This is the mail archive of the
libc-help@sourceware.org
mailing list for the glibc project.
Re: Question about tst-stack4
- From: Szabolcs Nagy <szabolcs dot nagy at arm dot com>
- To: Adhemerval Zanella <adhemerval dot zanella at linaro dot org>, libc-help at sourceware dot org
- Cc: nd at arm dot com
- Date: Wed, 16 Aug 2017 16:36:15 +0100
- Subject: Re: Question about tst-stack4
- Authentication-results: sourceware.org; auth=none
- Authentication-results: spf=none (sender IP is ) smtp.mailfrom=Szabolcs dot Nagy at arm dot com;
- Nodisclaimer: True
- References: <1502831028.3962.208.camel@cavium.com> <53bf7be9-b339-fc62-7585-76312a5e5bad@linaro.org>
- Spamdiagnosticmetadata: NSPM
- Spamdiagnosticoutput: 1:99
On 16/08/17 14:08, Adhemerval Zanella wrote:
> On 15/08/2017 18:03, Steve Ellcey wrote:
>> I have a question about nptl/tst-stack4. In the 2.25 release notes,
>> this shows up as a failure on a number of platforms. One references a
>> defect report (https://sourceware.org/bugzilla/show_bug.cgi?id=19329)
>> and the others all reference a glibc checkin that caused the failure:
>>
>> commit 17af5da98cd2c9ec958421ae2108f877e0945451
>> Author: Alexandre Oliva <aoliva@redhat.com>
>> Date: Wed Sep 21 22:01:16 2016 -0300
>>
>> [PR19826] fix non-LE TLS in static programs
>>
this introduced a regression that got fixed in
commit d675eaf7d99096a952c1d140abfed82c939fb259
Author: Alexandre Oliva <aoliva@redhat.com>
AuthorDate: 2017-02-03 20:35:16 -0500
Commit: Carlos O'Donell <carlos@systemhalted.org>
CommitDate: 2017-02-03 21:34:14 -0500
Bug 20915: Do not initialize DTV of other threads.

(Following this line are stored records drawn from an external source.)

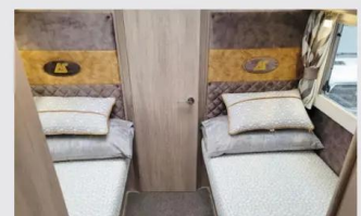
Single beds have padded headboards, as well as mains sockets and USBs
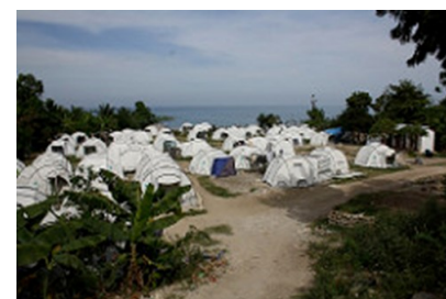
ShelterBox Tents – Haiti 2011

For club presentations please contact me at dave@disasterdave.com
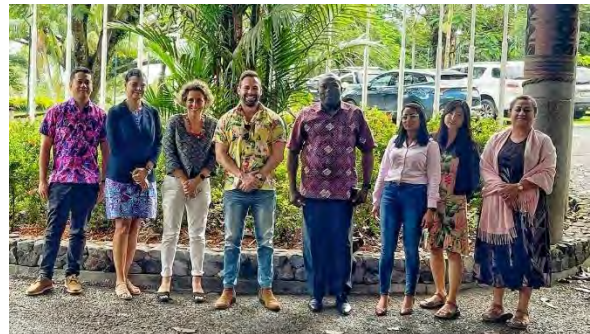
UNODC POFJ (Pacific Office Fiji) Team – June 2023
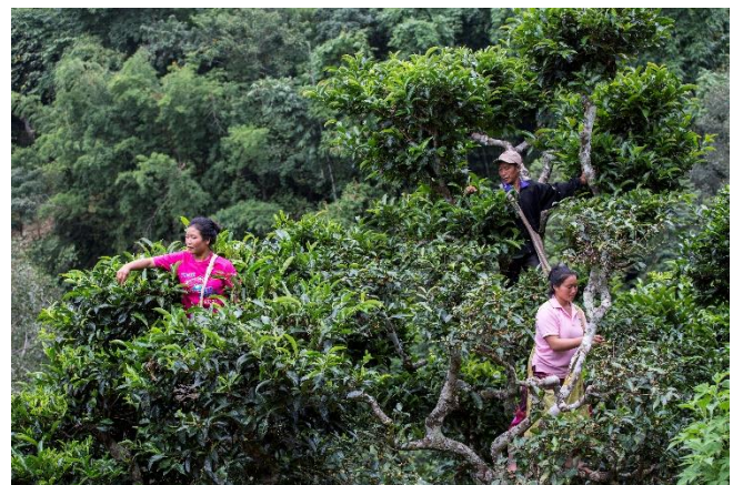
Tea growers in Laos.

Rural MEs will be supported toward commercial viability through the transfer of financial literacy and entrepreneurship skills, access to technologies, credit, and services, and economies of scale. The project will promote access to finance and dialogue in public fora on enabling environment issues that constrain ME growth. The project will leverage existing systems and resources, including partnering with GOL at the provincial and district levels to build their capacity to deliver enterprise training.
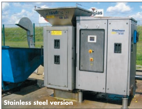
Stainless steel version
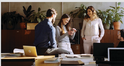
WHAT YOU SEE
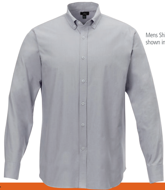
Mens Shirt shown in Silver

Centre front button placket. Self fabric collar with stand. Adjustable one button cuffs with single pleats. Shirttail hem. Contrast horn buttons. Flat-felled seams. Centre back box pleat (mens). Button-down shirt collar (mens). Hanger loop at exterior back yoke (mens). Back darts / bust darts (womens). Shaped seams and tapered waist for flattering fit (womens).
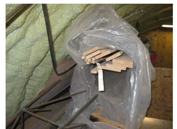
Hatz CB-1 Cont'd
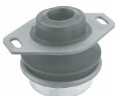
SWAG 64 13 0013 Ref. No. 1844.92
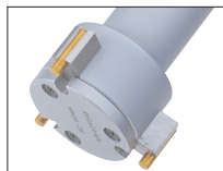
TiN coated contact points

An extension tube (optional accessory) can be fitted to enable measurement of deep holes.
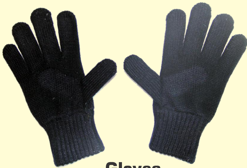
Gloves (Nursery - class XII)
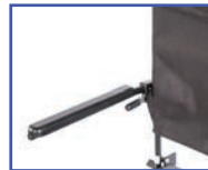
P13616 Right Hand Height-Adjustable Armrest
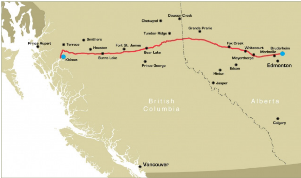
Northern Gateway Pipeline route

The economic benefit of the NGP lies in the additional income arising from building and using this new infrastructure:
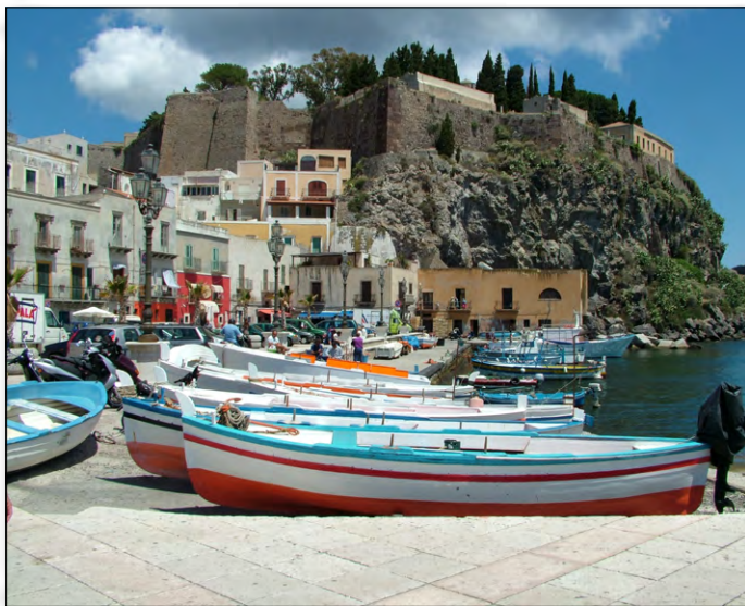
Lipari, one of the seven Aeolian Islands off the coast of Sicily.
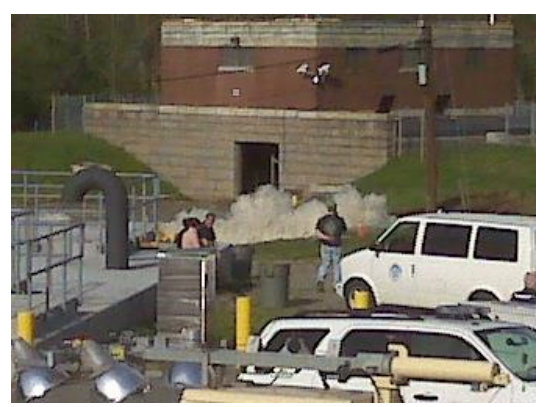
The water main break in Weston, MA that affected two million people.
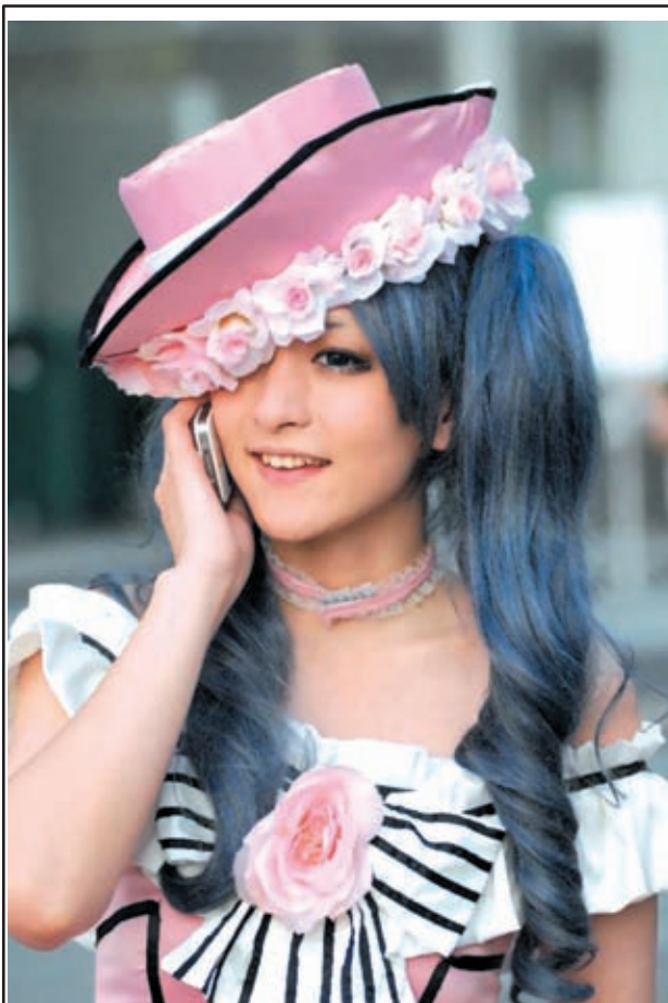
A woman dressed as her favourite character poses at the 2013 Fan Expo in Vancouver, Canada, on 20 April, 2013. This year's event has about 130 exhibitors for comic books, anime, science fictions and video games.

so that should not be an issue any more.
(but it might have made a data race easier to trigger)
>>
>> In the 2.26 release notes the platforms where it fails all just
>> mention a timeout.
>>
>> Currently, with top-of-tree sources this test fails for me on
>> aarch64 with the new ILP32 ABI but passes with the LP64 ABI.
>> The failure I see in nptl/tst-stack4.out is:
>>
>> Didn't expect signal from child: got `Segmentation fault'
>>
>> Is this the error that the other failing platforms are seeing?
>> (ARM, Microblaze, MIPS, Nios II, PowerPC [32 bit soft-float])
>>
>> Are there any other platforms that are getting a Segfault?
>> Given how often this shows up in other platforms failing list,
>> I am not sure if there is a aarch64 ILP32 specific issue here
>> or a more generic bug that has been around for a while.
>
> My understanding is this is a long standing GLIBC issue that
> started with BZ#17918 and now is being tracked by BZ#19329
> as you indicated. And since it is a race issue the failure
> is not consistent and rely on same factors (load, memory
> consistency, etc).
>
> I have seen this on ppc64le, powerpc32, and on i686 as well
> (on some heavy loaded machine). I also think that this is a not
> a ILP32 specific issue and although I do not recall failing on
> AArch64 LP64 I think it can potentially fail there as well.
>
> Szabolcs Nagy may have more information about current issue
> status since he was the one trying to fix it.
>
yes aarch64 lp64 sometimes fails too.
this test may hit a number of race conditions
between dlopen and pthread_create, on lp64 i see
Inconsistency detected by ld.so: dl-tls.c: 488: _dl_allocate_tls_init: Assertion `listp->slotinfo[cnt].gen <=
GL(dl_tls_generation)' failed!
i think segfault is also possible on accessing
listp->next, but if it's consistently a segfault
that may be a different issue.
i had a test that exercises the race more,
you may try to run that or something similar
to see if it fails the same way:
https://sourceware.org/ml/libc-alpha/2016-12/msg00456.html